Assigned task: Nothing but the pictures gets dropped; retype every entry exactly.

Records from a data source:

┄┄┄┄┄┄┄┄┄┄┄┄┄┄┄┄┄┄┄┄

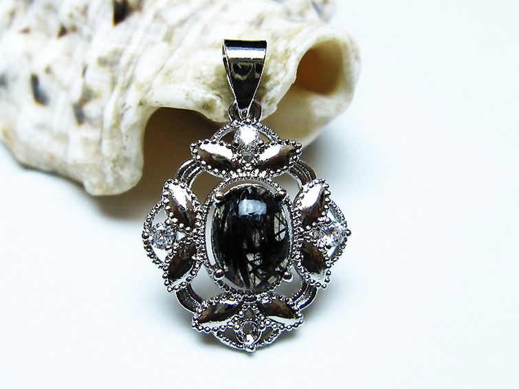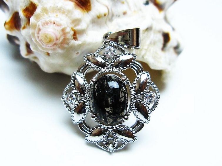 ブラックルチルクォーツ ペンダント [T343-1595]
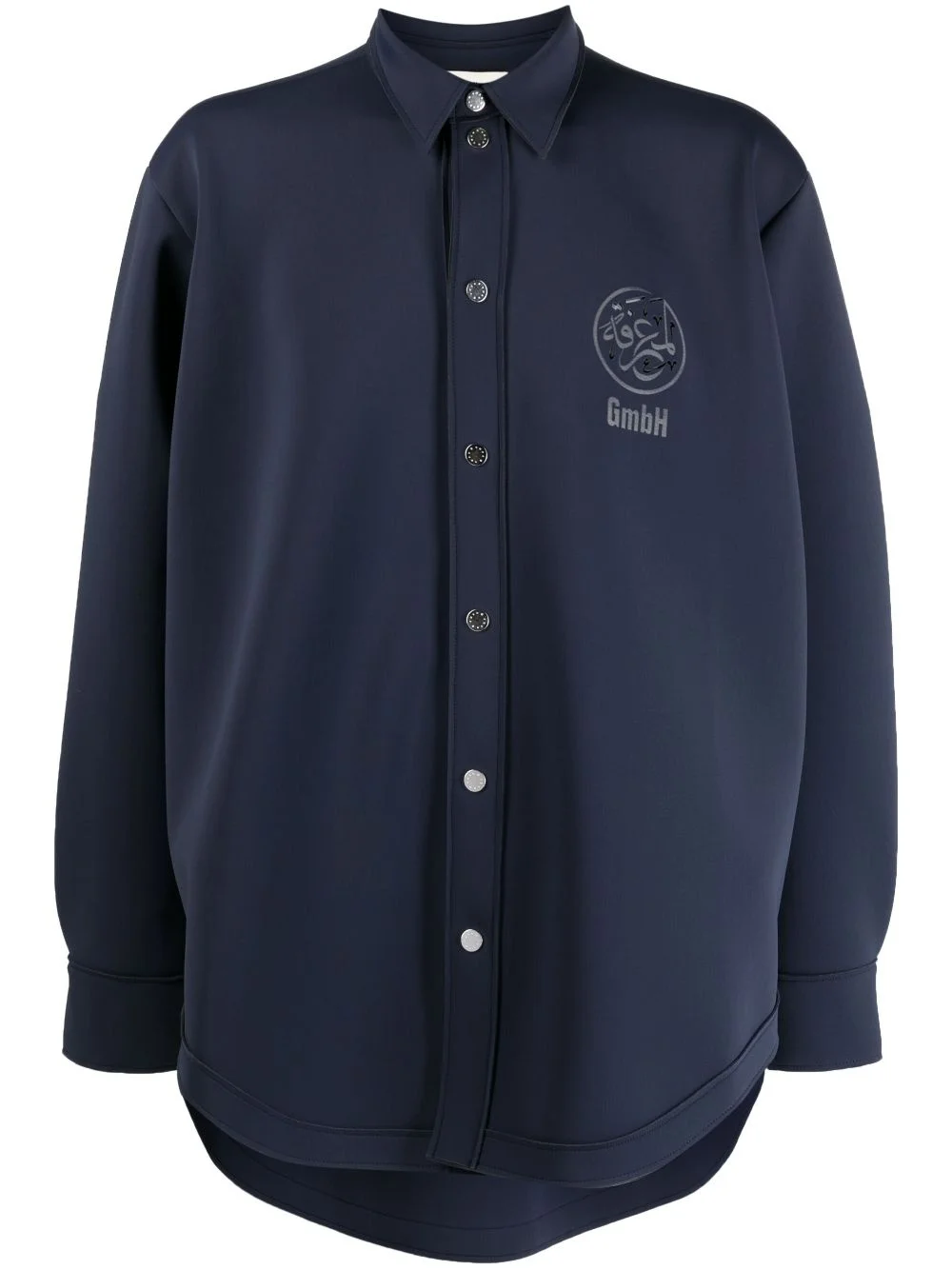 logo-print recycled nylon shirt Highlights - Indigo blue - Recycled nylon blend - Logo print at the chest - Classic collar - Front button fastening - Long sleeves - Buttoned-cuff sleeves - Curved hem Imported Composition Body: Recycled Nylon 83%, Elastane 17% SIZE & FIT Model measurements Height 6 ft 2 in(1.87 m) Bust/Chest 36.22 in(92 cm) Hips 37.79 in(96 cm) Waist 28.34 in(72 cm) Washing instructions Machine Wash
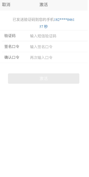 点击“口令重置”,输入当前登录蒙速办移动端手机号码获取的短信验证码、设置数字证书保护口令(用户设置,后续扫码签章等过程会校验证书保护口令),点击“激活”功能完成数字证书口令重置:
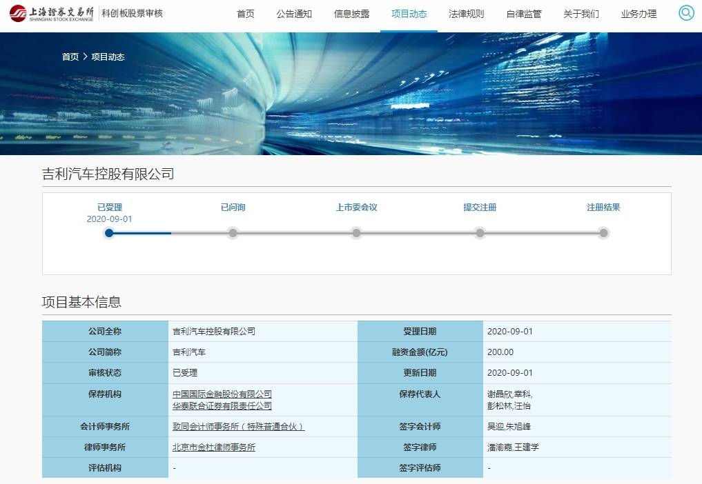 9月1日,上交所科创板股票审核官网信息显示,吉利汽车控股集团(简称“吉利汽车”)科创板IPO审核状态变更为“已受理”。据项目基本信息显示,吉利汽车拟融资金额为200亿元,保荐机构为中国国际金融股份有限公司、华泰联合证券有限责任公司。
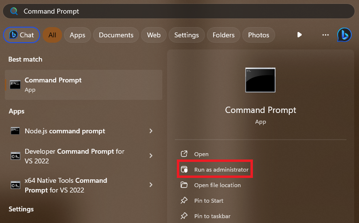 1.Suchen nachEingabeaufforderungin der Suchleiste des Startmenüs und klicken Sie aufAls Administrator ausführenOption.
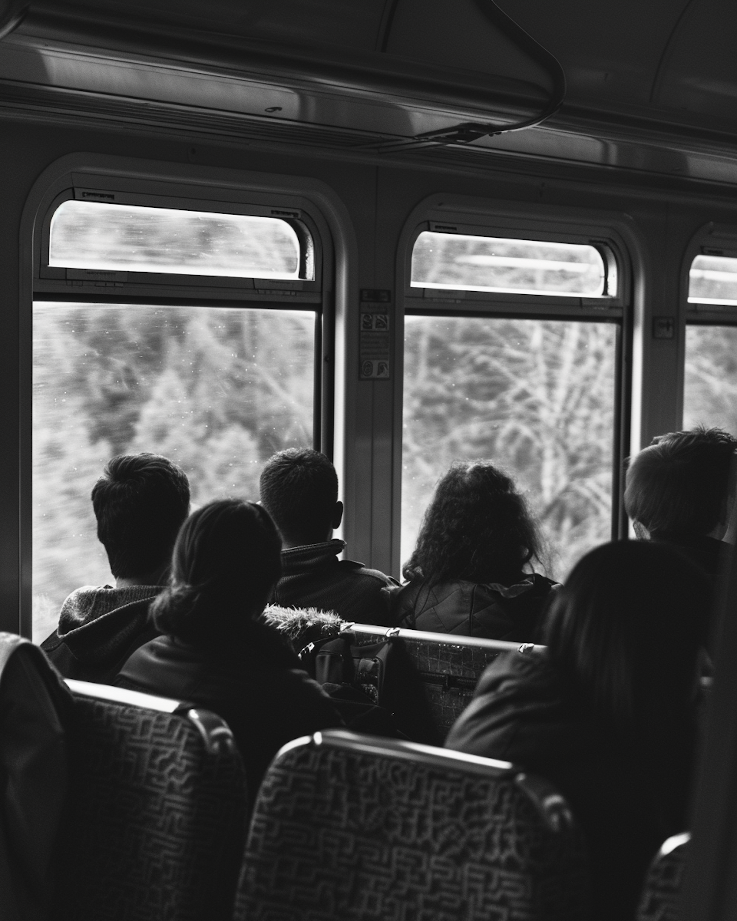 Black-and-white photo of train passengers gazing out windows at blurred trees, evoking a serene and introspective travel mood.

┄┄┄┄┄┄┄┄┄┄┄┄┄┄┄┄┄┄┄┄

Answer below:
 ブラックルチルクォーツ ペンダント [T343-1595]
 logo-print recycled nylon shirt Highlights - Indigo blue - Recycled nylon blend - Logo print at the chest - Classic collar - Front button fastening - Long sleeves - Buttoned-cuff sleeves - Curved hem Imported Composition Body: Recycled Nylon 83%, Elastane 17% SIZE & FIT Model measurements Height 6 ft 2 in(1.87 m) Bust/Chest 36.22 in(92 cm) Hips 37.79 in(96 cm) Waist 28.34 in(72 cm) Washing instructions Machine Wash
 点击“口令重置”,输入当前登录蒙速办移动端手机号码获取的短信验证码、设置数字证书保护口令(用户设置,后续扫码签章等过程会校验证书保护口令),点击“激活”功能完成数字证书口令重置:
 9月1日,上交所科创板股票审核官网信息显示,吉利汽车控股集团(简称“吉利汽车”)科创板IPO审核状态变更为“已受理”。据项目基本信息显示,吉利汽车拟融资金额为200亿元,保荐机构为中国国际金融股份有限公司、华泰联合证券有限责任公司。
 1.Suchen nachEingabeaufforderungin der Suchleiste des Startmenüs und klicken Sie aufAls Administrator ausführenOption.
 Black-and-white photo of train passengers gazing out windows at blurred trees, evoking a serene and introspective travel mood.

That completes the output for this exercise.